Increasing numbers of people live with multimorbidity and require multiple medications, and an investigation of their experiences is essential to understand the phenomenon of polypharmacy. In addition, it is uncertain whether interventions to improve appropriate polypharmacy have clinically significant effects.18 Insight into medication-related experiences, defined as the sum of events involving drug therapy that a patient has in their lifetime,19 of multimorbid patients with polypharmacy can help identify opportunities to improve care, develop effective interventions and align research with what matters most to patients. The aim of this study was to explore medication-related experiences of polypharmacy among patients with multimorbidity through a systematic review of qualitative studies.

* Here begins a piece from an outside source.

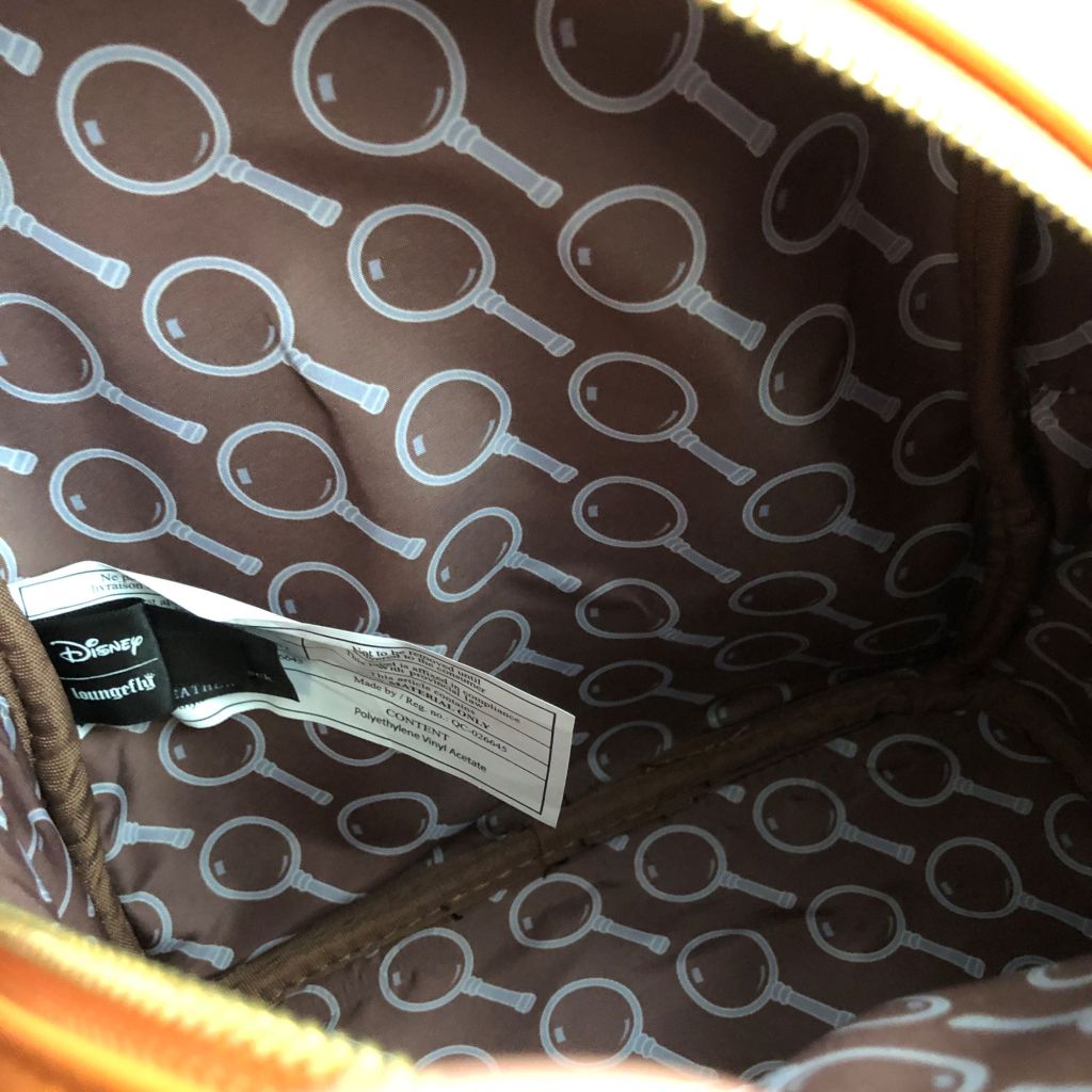 The inside of the main bag compartment is covered in little magnifying glasses. Because apparently all detectives, although brilliant, have bad eyesight.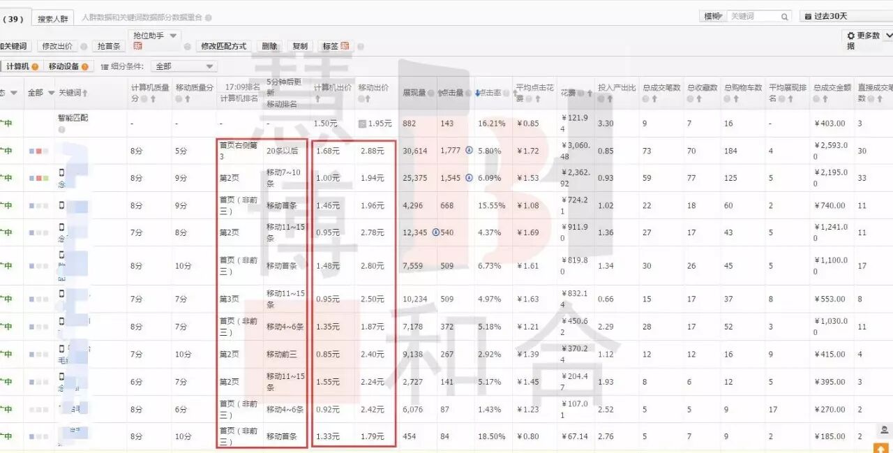 出价:关键词扣费方式为下一名出价*下一名质量得分/我的质量得分,根据这个公式,前期我们需要提高自身的质量得分,在店铺内功完善好的情况下,点击率是首要因素,对于小类目的关键词出价,在保证出价不是很高的前提下尽量往前卡位,对于行业展现特别大的关键词出价排名在11-15或16-20,对于行业展现词不是很大相对精准一些的关键词出价排名在4-6或7-10,卡前边的关键词点击率一般也相对好一些。

We conducted a preplanned structured search of qualitative studies exploring medication-related experiences among multimorbid patients with polypharmacy. Although many studies defined polypharmacy as five or more medications, some defined it as four or more medications.2 To reflect varying definitions and capture all relevant studies, we used the latter definition. A systematic review of qualitative studies is ideal for our purpose because it provides an overview and reinterpretation of existing evidence from qualitative research.20
We identified search terms relevant to the three major concepts of our study aim: patient experiences, polypharmacy and qualitative research. Synonyms and search terms were identified by reviewing the protocol for a previous review of qualitative studies on medication-related burden (not focused on patients with polypharmacy),10 as well as other qualitative review protocols. We also conducted a simple search in the PubMed database to identify relevant terms and medical subject headings. We applied the search strategy to PubMed, Embase and Cumulative Index to Nursing and Allied Health Literature (CINAHL) in February 2020 (online supplementary table 1). Searching PubMed and CINAHL in combination is recommended for identifying qualitative studies.21 We modified the search strategy to specific database requirements, tailoring the use of indexing terms or symbols for wildcards. Search filters were not applied. We also screened the reference lists of included studies and relevant systematic reviews for additional studies. Finally, we removed duplicate references.

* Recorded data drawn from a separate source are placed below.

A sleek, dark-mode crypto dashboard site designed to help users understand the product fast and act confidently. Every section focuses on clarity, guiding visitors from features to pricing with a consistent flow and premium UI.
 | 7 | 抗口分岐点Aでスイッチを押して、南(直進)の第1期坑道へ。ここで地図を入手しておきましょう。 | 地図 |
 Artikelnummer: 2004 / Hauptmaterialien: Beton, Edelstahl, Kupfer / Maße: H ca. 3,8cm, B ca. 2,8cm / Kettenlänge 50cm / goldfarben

To be eligible for inclusion, studies had to (1) be peer-reviewed research concerning medication-related experiences; (2) include patients with multimorbidity and polypharmacy aged 18 years or older taking four or more medications; (3) use a qualitative methodology; (4) be reported in English (or Danish, Swedish or Norwegian for practical reasons); and (5) be published from 1988 onwards to ensure contemporary data. We excluded intervention studies. We first screened titles and abstracts and included studies related to both polypharmacy and multimorbidity. However, during subsequent full-text screening, we excluded studies that did not specifically address polypharmacy or studies focusing on patients with a single disease (n=9) or patients in palliative care (n=1) as they are unlikely to reflect the experiences in relation to multimorbidity and polypharmacy in the broader population. Two authors independently carried out both rounds of screening and resolved any disagreements by consensus.

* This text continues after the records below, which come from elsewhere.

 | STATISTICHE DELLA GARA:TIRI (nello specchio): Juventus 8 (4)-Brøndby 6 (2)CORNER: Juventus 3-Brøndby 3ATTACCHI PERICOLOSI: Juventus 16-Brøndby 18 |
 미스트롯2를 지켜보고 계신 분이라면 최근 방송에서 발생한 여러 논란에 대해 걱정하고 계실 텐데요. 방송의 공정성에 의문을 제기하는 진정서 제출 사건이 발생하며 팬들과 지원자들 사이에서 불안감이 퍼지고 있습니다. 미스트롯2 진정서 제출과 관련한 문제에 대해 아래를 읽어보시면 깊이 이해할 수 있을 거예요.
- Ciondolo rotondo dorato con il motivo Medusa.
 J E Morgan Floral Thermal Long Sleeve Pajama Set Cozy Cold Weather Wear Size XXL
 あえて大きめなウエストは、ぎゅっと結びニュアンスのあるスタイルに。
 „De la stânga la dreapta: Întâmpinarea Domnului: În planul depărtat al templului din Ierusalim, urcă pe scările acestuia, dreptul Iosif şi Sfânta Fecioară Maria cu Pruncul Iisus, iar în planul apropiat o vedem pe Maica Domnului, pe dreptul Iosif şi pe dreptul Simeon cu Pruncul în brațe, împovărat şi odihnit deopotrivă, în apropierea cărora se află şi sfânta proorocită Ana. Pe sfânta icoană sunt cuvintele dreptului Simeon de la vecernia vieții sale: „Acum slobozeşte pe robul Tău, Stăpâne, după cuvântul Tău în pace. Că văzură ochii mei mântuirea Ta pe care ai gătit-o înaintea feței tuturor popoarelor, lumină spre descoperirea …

For articles that did not clarify whether patients took four or more medications, we contacted the corresponding author; one study was excluded after we received no reply. We used Covidence systematic review software (Melbourne, Australia). The Preferred Reporting Items for Systematic Reviews and Meta-Analyses flow diagram was used for reporting the study selection process.22
Assessment of methodological quality
We assessed the methodological quality of the included studies with the Critical Appraisal Skills Programme (CASP) qualitative checklist, designed to help researchers make sense of qualitative research in a systematic way.23 The 10-item checklist considers the validity of the results, the findings and their value in local settings.23 Two authors applied the checklist to included studies and resolved disagreements by consensus. No studies were excluded based on methodological quality.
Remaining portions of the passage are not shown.